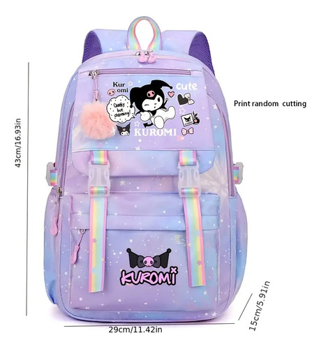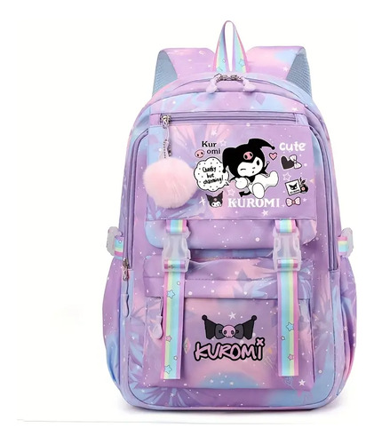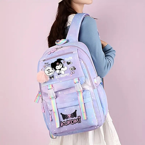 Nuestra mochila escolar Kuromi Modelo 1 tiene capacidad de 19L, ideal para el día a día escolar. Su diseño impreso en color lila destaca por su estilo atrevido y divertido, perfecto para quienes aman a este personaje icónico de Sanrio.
--
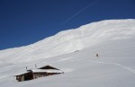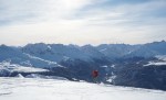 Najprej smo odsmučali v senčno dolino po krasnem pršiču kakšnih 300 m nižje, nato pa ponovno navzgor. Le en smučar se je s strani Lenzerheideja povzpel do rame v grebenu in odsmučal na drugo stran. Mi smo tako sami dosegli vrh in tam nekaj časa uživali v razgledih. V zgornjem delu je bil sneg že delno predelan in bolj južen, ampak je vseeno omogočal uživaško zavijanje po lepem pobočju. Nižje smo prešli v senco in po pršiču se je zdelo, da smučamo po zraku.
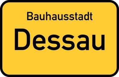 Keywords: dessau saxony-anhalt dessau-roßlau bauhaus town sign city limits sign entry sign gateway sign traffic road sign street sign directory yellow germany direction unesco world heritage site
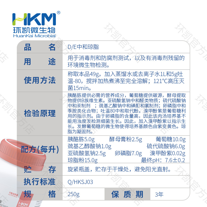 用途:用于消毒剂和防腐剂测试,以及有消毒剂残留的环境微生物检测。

• Action item
Begin at the line in the entries above that has "Najprej smo odsmučali", stop after the line that has "用途:用于消毒剂和防腐剂测试,以及有消毒剂残留的环境微生物检测。", and output exactly those lines without pictures.

• Output for this exercise
 Najprej smo odsmučali v senčno dolino po krasnem pršiču kakšnih 300 m nižje, nato pa ponovno navzgor. Le en smučar se je s strani Lenzerheideja povzpel do rame v grebenu in odsmučal na drugo stran. Mi smo tako sami dosegli vrh in tam nekaj časa uživali v razgledih. V zgornjem delu je bil sneg že delno predelan in bolj južen, ampak je vseeno omogočal uživaško zavijanje po lepem pobočju. Nižje smo prešli v senco in po pršiču se je zdelo, da smučamo po zraku.
 Keywords: dessau saxony-anhalt dessau-roßlau bauhaus town sign city limits sign entry sign gateway sign traffic road sign street sign directory yellow germany direction unesco world heritage site
 用途:用于消毒剂和防腐剂测试,以及有消毒剂残留的环境微生物检测。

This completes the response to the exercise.